Nancy Aten's journey both echoes and intersects with Otto's. As a girl, Aten helped her parents plant trees and shrubs at their Franklin home, within walking distance of the nature center now called Franklin Woods. Aten became an engineer and married one, too. But inspired by an Otto talk and Wild Ones meetings, she turned her energy to gardening and landscaping design, even studying with an ecologically minded professor in Georgia for several years.

Fraser describes how Aten and her husband, Dan Collins, gradually transformed their property, learning from failures and mistakes, discovering the value to insect-eating birds of selectively retained dead trees, incorporating a pond that attracted regular visits from foxes and deer.

Fraser's villain is the manicured suburban lawn. In one of her gentler broadsides on the subject, Fraser writes: "The aesthetic of lawns is similar to the aesthetic of bound feet.
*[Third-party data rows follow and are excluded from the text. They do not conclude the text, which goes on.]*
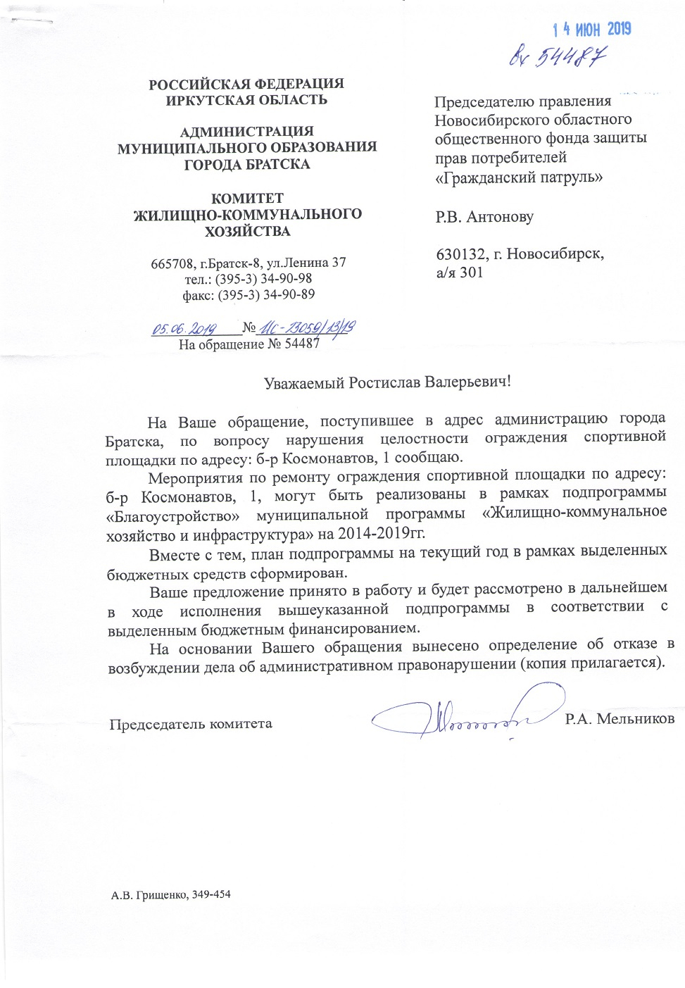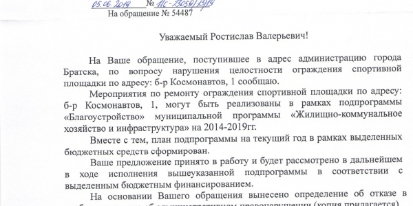 Номер жалобы:54487 Тип жалобы:Прочее Название объекта: Регион:Иркутская область Город:Братск Адрес:бульвар Космонавтов, 1 Описание жалобы:Порвано ограждение спортивной площадки Статус: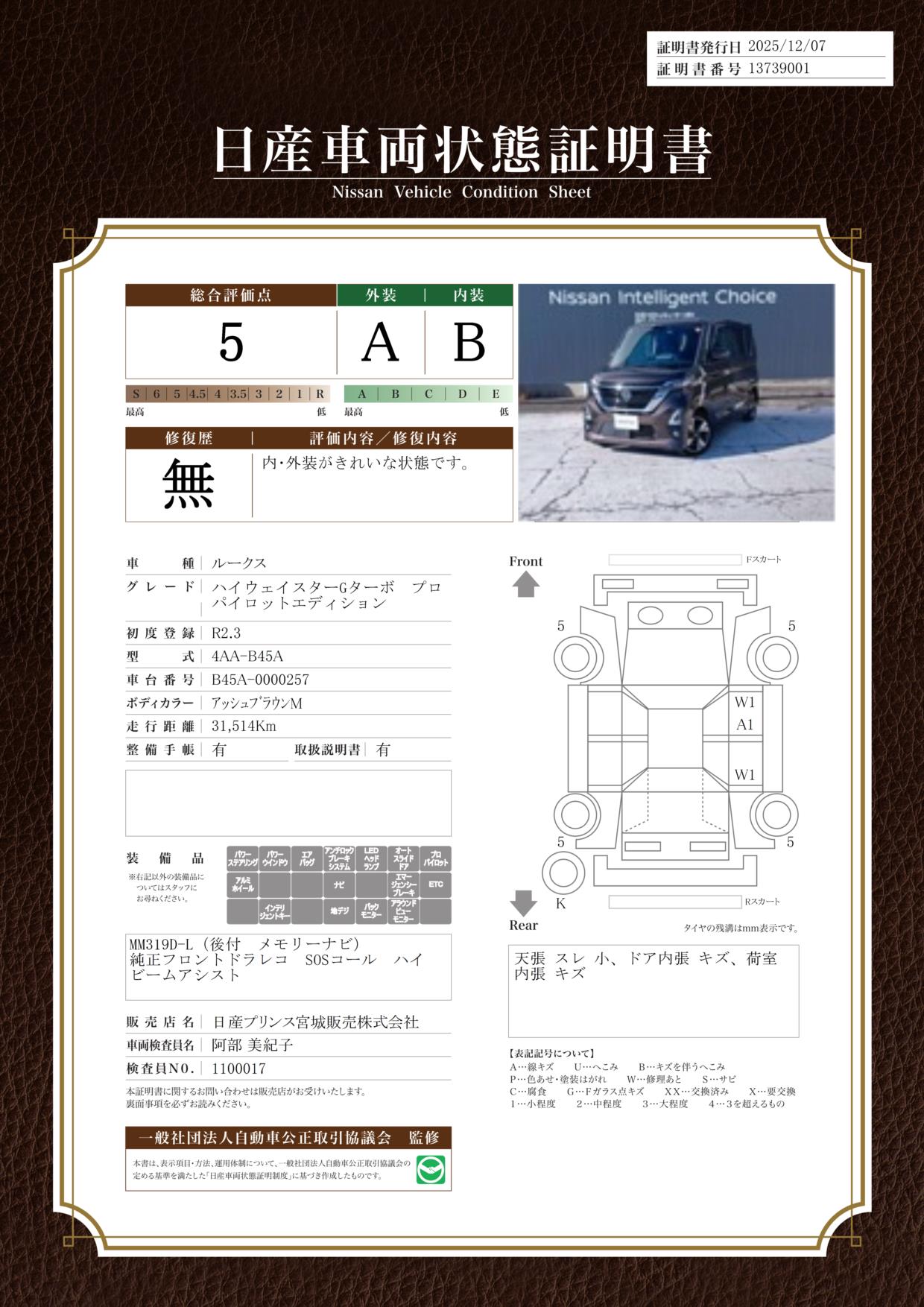 現状括弧書き内の年月まで車検有効期限が残っていますが、ご成約時に新しく車検を取り直します。なお取り直しの費用は車両価格に含まれています。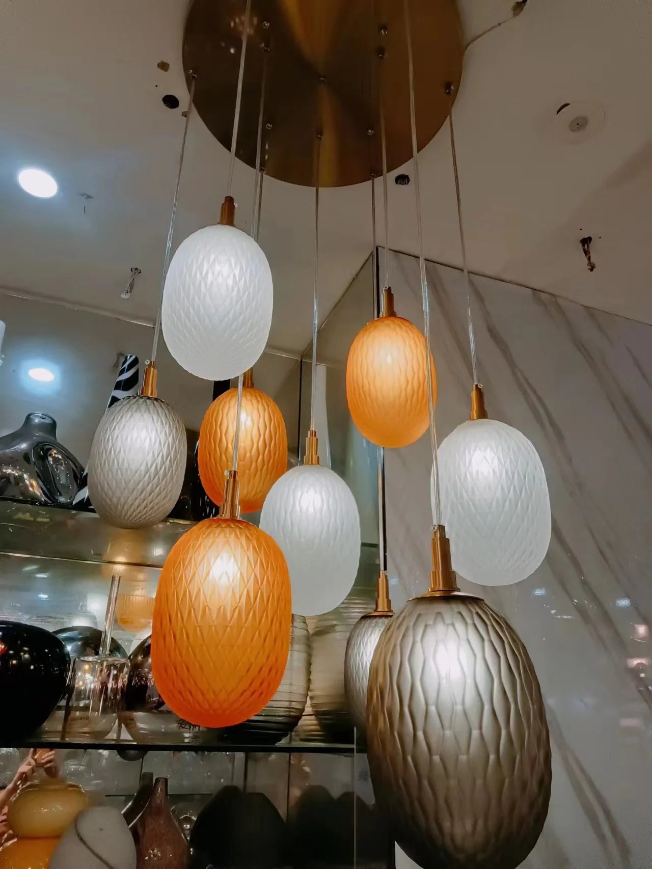 - Le lustre LED en verre s'intègre à tous les espaces et s'harmonise parfaitement avec votre salon, votre chambre, votre salle à manger, votre cuisine ou votre bureau.

Lawns hobble nature just as bound feet crippled women."

This self-published book can be bumpy for the casual reader. Fraser sometimes meanders. Occasionally, a sentence consists of a long list of native plants: likely a rapturous litany for people who know what they are, not yet one for me. The interlocking cast of mentors gives the book a clubby feeling. Fraser's experience and passion for the cause will carry readers attracted to natural landscaping past the rough spots.

Fraser, an artist, contributes many strong color photos. Even a concrete-bound reader can get a little giddy at close-ups of monarch and viceroy butterflies.

"Mending the Earth in Milwaukee" ($30) can be purchased at Woodland Pattern Book Center, 720 E. Locust St.; Schlitz Audubon Nature Center, 1111 E. Brown Deer Road, Bayside; Wehr Nature Center, 9701 W. College Ave., Franklin; and Riveredge Nature Center, 4458 County Highway Y, Saukville. 

Mending the Earth in Milwaukee. By Ney Tait Fraser. 180 pages. $30.